Saturday, February 19, 2011

Blaze a trail and break new ground


“In computer education, the college has blazed a trail and broken new ground”, read a sentence in a recent newspaper article about the achievements of a college in computer education.  I tried to picture the situation: the students and the staff of the college burning a path and breaking a new ground at the same time.  It seemed a purposeless task – the blazing and the breaking, not the picturing.  Then I tried to place computers in the situation: what were they supposed to be doing in a place where a good deal of blazing and breaking was going on?  Whatever, they had to be there because the sentence talked about computers also.  But their presence only made the picture even more incongruous.

Incongruous it may be, but delightful – or, delightful because it is incongruous.  Both “blaze a trail” and “break new ground” are cliches.  By bringing them together in the same situation and creating a metaphorical confusion involving two images at war with each other, the newspaper hack has unwittingly infused life into them.  Here is another odd mix: “He was rushing about like a bull in a china shop, until he found himself on the horns of a dilemma.”  Even more ridiculous – and, therefore, more pleasing – is the metaphorical confusion created by the scientist who announced the discovery of “a virgin field pregnant with possibilities”.  The most delightful of all mixed metaphors, however, is the one produced by that cautious statesman who claimed that he was “sitting on the fence with one ear to the ground”.  Picture that monstrous ear!

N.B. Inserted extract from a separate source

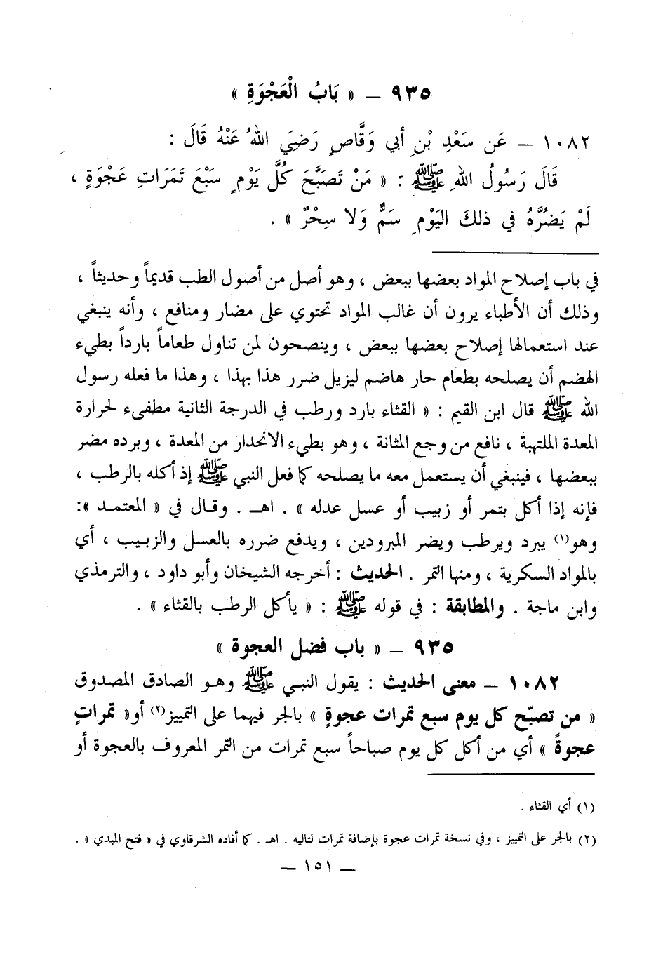 1082 - معنى الحديث: يقول النبي - صلى الله عليه وسلم - وهو الصادق المصدوق " من تصبّح كل يوم سبع تمرات عجوةٍ " بالجر فيهما على التمييز (¬2) أو " تمراتٍ عجوةً " أي من أكل كل يوم صباحاً سبع تمرات من التمر المعروف بالعجوة أو

Poets are notorious – I mean, famous – for mixed metaphors.  Shakespeare, a densely figurative poet, often mixed metaphors.  Hamlet, in his famous soliloquy, “To be or not to be”, talks about taking “arms against a sea of troubles”.

But that’s just the tip of the metaphorical iceberg.  The plot thickens – it’s a plot within an iceberg after all! – the moment we enter the realm of multiple mixed metaphors.  One of the early masters of this art was Sir Boyle Roche, a British parliamentarian, who is reported to have said: “Mr Speaker, I smell a rat; I see him forming in the air and darkening the sky; but I’ll nip him in the bud.”  

If you gird up your loins and plough through the mountainous mass of mixed metaphors, you’ll find that the richest crop has been produced by politicians.  (By the way, how’s that multiple mixed metaphor?) The following example (cited by Beresford in his A User’s Guide to Grammar) in which a politician mixes maritime and equestrian imagery, will vouch for the quality of that bumper crop: “We shall sail forth, riding roughshod over the backwoodsmen, to establish a new Jerusalem…”

Mixed metaphors make possible what would normally be impossible.  Thanks to them, you can stir up a hornet’s nest and end up with egg on your face; you can open a Pandora’s box, and Trojan horses will jump out; and, of course, a college can blaze and break the ground at the same time.  Let’s not, therefore, bite the hand that lays golden eggs.